Exercise aim
A complete response lists each line of the data below that includes the word "แฟรงเฟ".

━━━━━ Dataset records ━━━━━

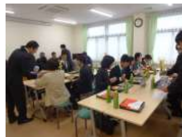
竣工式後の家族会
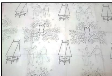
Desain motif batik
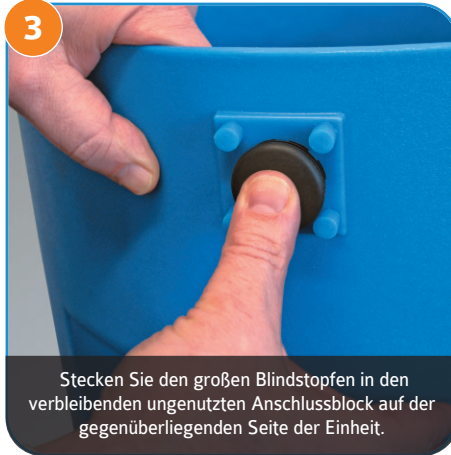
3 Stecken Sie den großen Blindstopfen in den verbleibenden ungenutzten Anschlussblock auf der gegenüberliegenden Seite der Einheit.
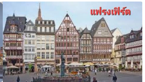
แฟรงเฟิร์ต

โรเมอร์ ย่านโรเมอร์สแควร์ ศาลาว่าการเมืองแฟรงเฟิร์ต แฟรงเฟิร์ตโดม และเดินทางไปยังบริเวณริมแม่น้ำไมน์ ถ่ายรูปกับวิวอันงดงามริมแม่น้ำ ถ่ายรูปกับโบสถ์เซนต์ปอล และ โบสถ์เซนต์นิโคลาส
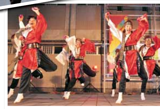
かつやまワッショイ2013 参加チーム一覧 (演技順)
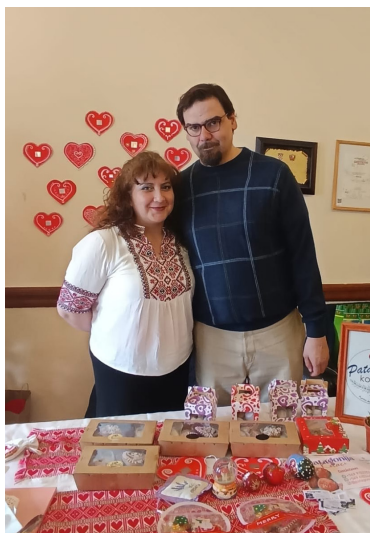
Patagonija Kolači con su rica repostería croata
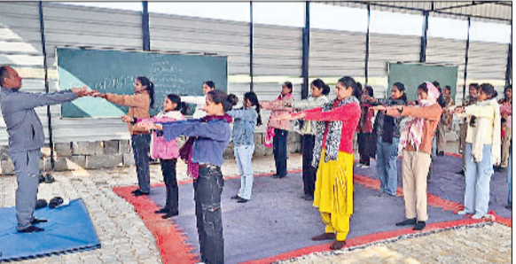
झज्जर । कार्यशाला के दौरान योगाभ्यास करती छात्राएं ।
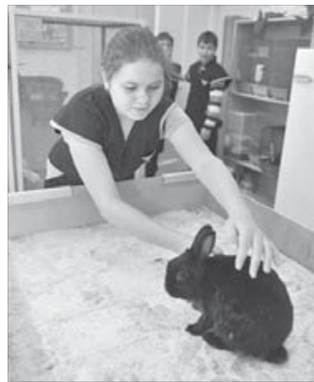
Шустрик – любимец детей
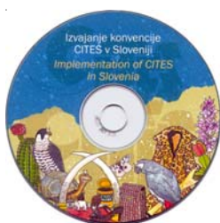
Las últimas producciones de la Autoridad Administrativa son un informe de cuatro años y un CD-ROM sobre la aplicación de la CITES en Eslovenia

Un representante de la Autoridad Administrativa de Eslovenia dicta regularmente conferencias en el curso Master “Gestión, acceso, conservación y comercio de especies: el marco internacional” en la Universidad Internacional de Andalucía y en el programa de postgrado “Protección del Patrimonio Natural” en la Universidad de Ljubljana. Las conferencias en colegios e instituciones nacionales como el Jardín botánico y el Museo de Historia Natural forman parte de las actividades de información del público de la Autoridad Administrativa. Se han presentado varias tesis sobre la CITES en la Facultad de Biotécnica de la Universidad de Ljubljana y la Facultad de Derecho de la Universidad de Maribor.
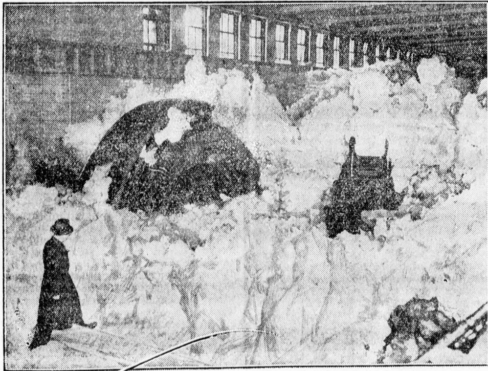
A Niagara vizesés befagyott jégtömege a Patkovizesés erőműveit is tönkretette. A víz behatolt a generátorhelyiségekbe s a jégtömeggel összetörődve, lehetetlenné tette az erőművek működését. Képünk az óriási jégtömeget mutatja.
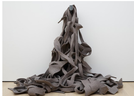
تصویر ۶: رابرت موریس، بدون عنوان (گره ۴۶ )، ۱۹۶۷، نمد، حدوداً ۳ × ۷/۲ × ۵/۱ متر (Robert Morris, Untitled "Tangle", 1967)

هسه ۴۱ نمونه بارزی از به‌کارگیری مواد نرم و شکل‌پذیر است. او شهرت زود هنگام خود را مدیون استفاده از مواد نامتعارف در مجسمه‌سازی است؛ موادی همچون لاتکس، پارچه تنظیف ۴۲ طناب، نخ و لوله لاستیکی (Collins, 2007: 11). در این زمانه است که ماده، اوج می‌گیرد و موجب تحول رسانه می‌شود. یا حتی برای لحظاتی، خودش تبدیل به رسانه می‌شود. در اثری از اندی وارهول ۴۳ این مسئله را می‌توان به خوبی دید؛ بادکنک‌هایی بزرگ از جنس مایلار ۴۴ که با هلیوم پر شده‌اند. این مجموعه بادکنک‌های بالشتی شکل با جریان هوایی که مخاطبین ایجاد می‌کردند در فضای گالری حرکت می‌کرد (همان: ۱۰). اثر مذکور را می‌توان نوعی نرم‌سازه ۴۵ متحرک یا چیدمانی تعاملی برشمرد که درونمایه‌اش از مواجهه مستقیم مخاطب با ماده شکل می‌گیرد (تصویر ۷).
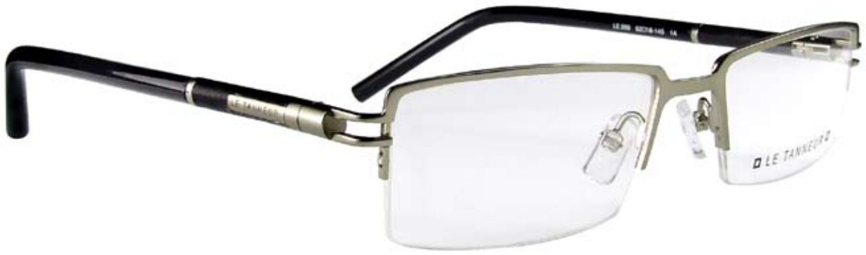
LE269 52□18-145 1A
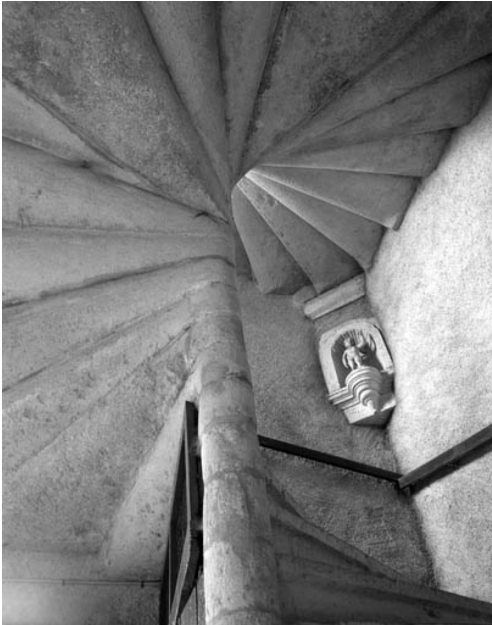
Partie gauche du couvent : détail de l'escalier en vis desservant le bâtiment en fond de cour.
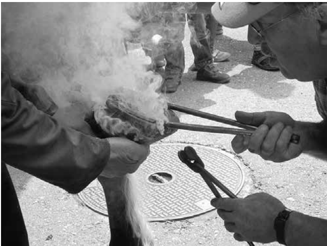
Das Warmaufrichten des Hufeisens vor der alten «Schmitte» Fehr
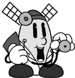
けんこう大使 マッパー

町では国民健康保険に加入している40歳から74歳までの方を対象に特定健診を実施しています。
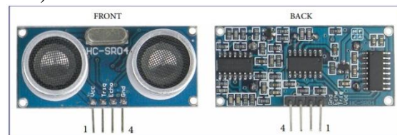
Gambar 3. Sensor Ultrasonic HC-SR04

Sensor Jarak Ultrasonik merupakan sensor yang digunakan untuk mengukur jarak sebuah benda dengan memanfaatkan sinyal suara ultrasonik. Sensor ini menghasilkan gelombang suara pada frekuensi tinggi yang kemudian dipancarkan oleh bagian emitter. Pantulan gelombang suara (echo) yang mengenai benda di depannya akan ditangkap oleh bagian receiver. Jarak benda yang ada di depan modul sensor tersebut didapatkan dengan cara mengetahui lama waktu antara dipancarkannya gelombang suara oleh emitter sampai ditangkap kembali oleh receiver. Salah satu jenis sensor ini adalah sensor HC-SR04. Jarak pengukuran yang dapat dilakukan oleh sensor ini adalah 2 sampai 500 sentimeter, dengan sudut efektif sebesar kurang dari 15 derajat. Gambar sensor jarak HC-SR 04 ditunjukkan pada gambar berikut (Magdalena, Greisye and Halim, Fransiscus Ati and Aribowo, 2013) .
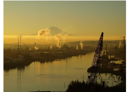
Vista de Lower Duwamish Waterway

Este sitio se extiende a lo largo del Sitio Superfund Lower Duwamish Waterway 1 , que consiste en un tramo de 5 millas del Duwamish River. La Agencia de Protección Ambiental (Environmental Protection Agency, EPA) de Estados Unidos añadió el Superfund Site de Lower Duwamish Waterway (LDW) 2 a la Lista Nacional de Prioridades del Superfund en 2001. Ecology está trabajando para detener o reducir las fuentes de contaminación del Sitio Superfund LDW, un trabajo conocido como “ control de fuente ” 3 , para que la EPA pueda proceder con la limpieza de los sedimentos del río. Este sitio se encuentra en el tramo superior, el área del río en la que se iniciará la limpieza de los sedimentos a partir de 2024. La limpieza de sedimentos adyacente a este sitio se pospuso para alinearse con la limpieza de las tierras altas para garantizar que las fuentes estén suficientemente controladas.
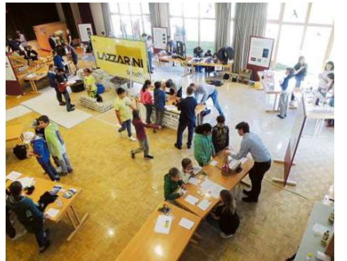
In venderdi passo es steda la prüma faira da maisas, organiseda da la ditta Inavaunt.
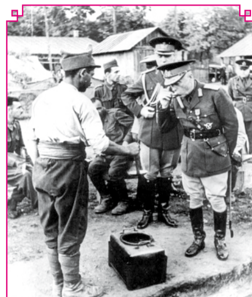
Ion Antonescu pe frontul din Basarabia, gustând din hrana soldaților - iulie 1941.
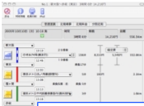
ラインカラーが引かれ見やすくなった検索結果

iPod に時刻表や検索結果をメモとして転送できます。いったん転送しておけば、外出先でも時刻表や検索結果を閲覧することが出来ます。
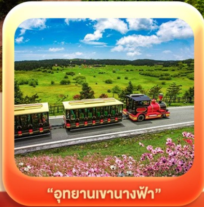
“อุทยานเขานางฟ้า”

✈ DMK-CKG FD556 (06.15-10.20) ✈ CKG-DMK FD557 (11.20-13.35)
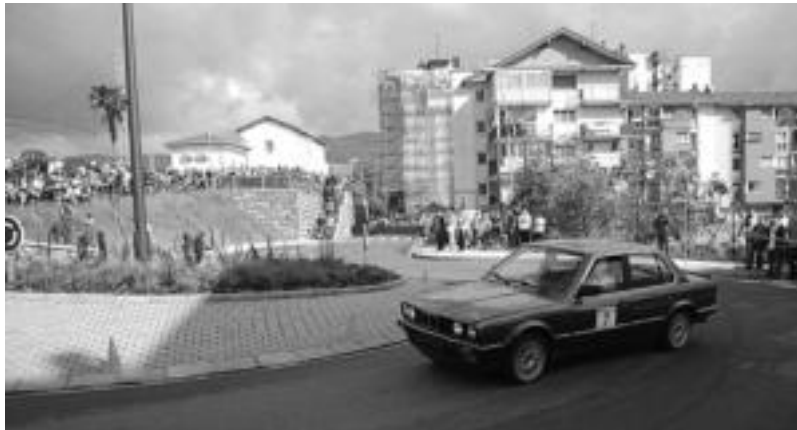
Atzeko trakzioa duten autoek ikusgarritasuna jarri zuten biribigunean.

━━━━━
━━━━━ Dataset records ━━━━━

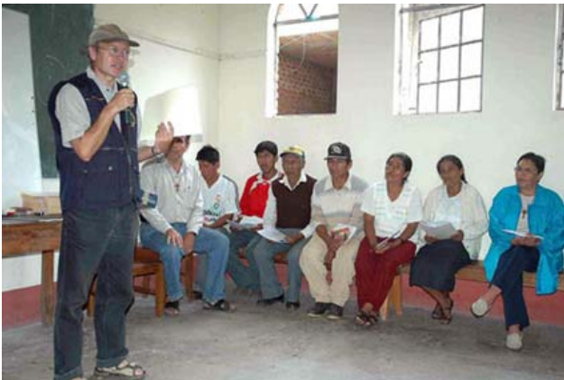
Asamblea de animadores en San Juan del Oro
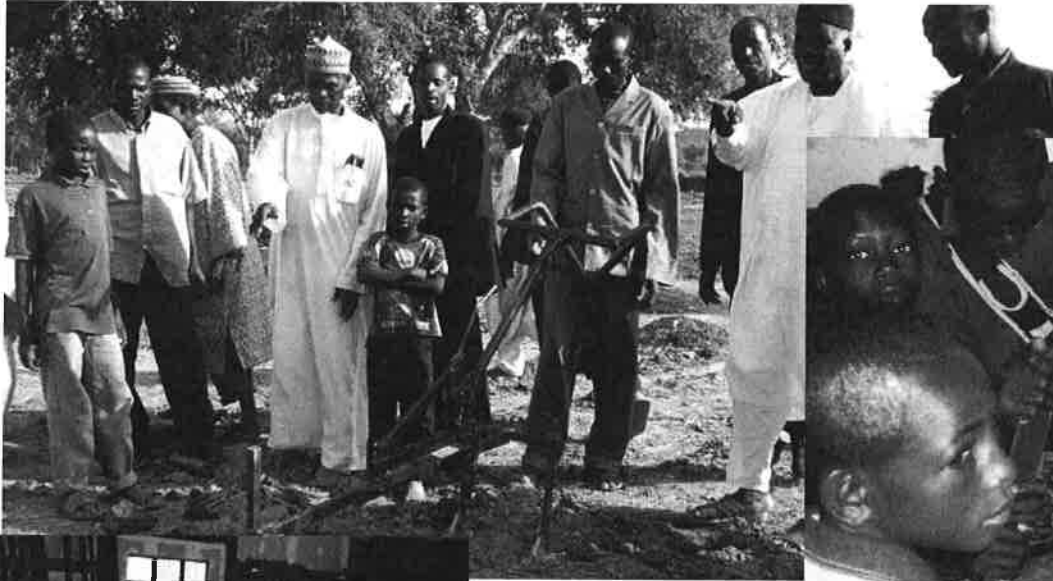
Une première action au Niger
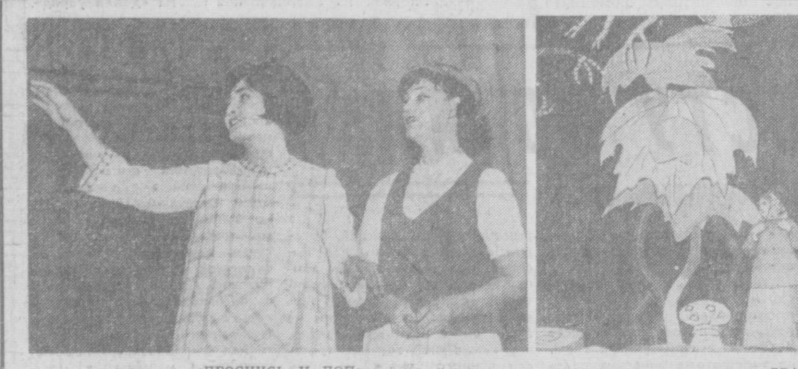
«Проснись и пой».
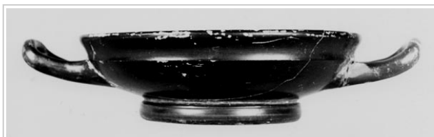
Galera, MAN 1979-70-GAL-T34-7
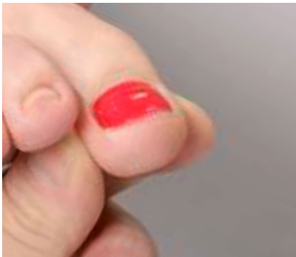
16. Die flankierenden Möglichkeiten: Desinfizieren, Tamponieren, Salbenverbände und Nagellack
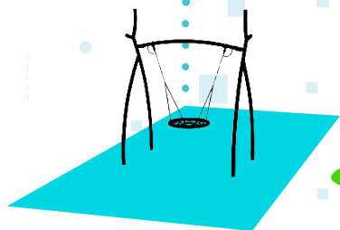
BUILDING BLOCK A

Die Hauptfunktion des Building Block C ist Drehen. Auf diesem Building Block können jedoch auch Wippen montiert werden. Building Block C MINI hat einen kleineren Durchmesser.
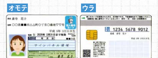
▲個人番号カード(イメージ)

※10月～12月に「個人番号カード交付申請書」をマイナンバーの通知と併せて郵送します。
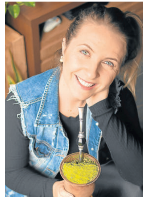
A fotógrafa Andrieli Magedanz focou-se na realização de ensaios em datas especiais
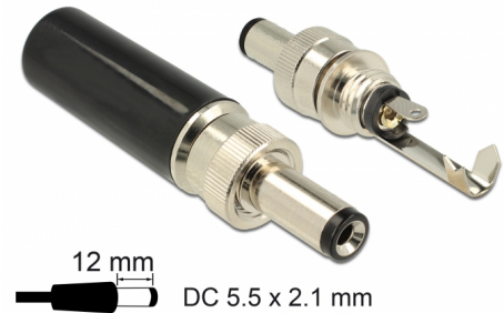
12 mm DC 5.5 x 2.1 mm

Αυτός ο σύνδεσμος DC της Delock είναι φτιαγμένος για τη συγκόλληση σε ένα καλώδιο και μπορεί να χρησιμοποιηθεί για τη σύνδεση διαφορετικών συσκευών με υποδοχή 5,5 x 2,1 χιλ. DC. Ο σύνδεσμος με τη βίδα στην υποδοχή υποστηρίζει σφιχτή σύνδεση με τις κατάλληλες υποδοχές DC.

━━━━━

Reply
แฟรงเฟิร์ต
โรเมอร์ ย่านโรเมอร์สแควร์ ศาลาว่าการเมืองแฟรงเฟิร์ต แฟรงเฟิร์ตโดม และเดินทางไปยังบริเวณริมแม่น้ำไมน์ ถ่ายรูปกับวิวอันงดงามริมแม่น้ำ ถ่ายรูปกับโบสถ์เซนต์ปอล และ โบสถ์เซนต์นิโคลาส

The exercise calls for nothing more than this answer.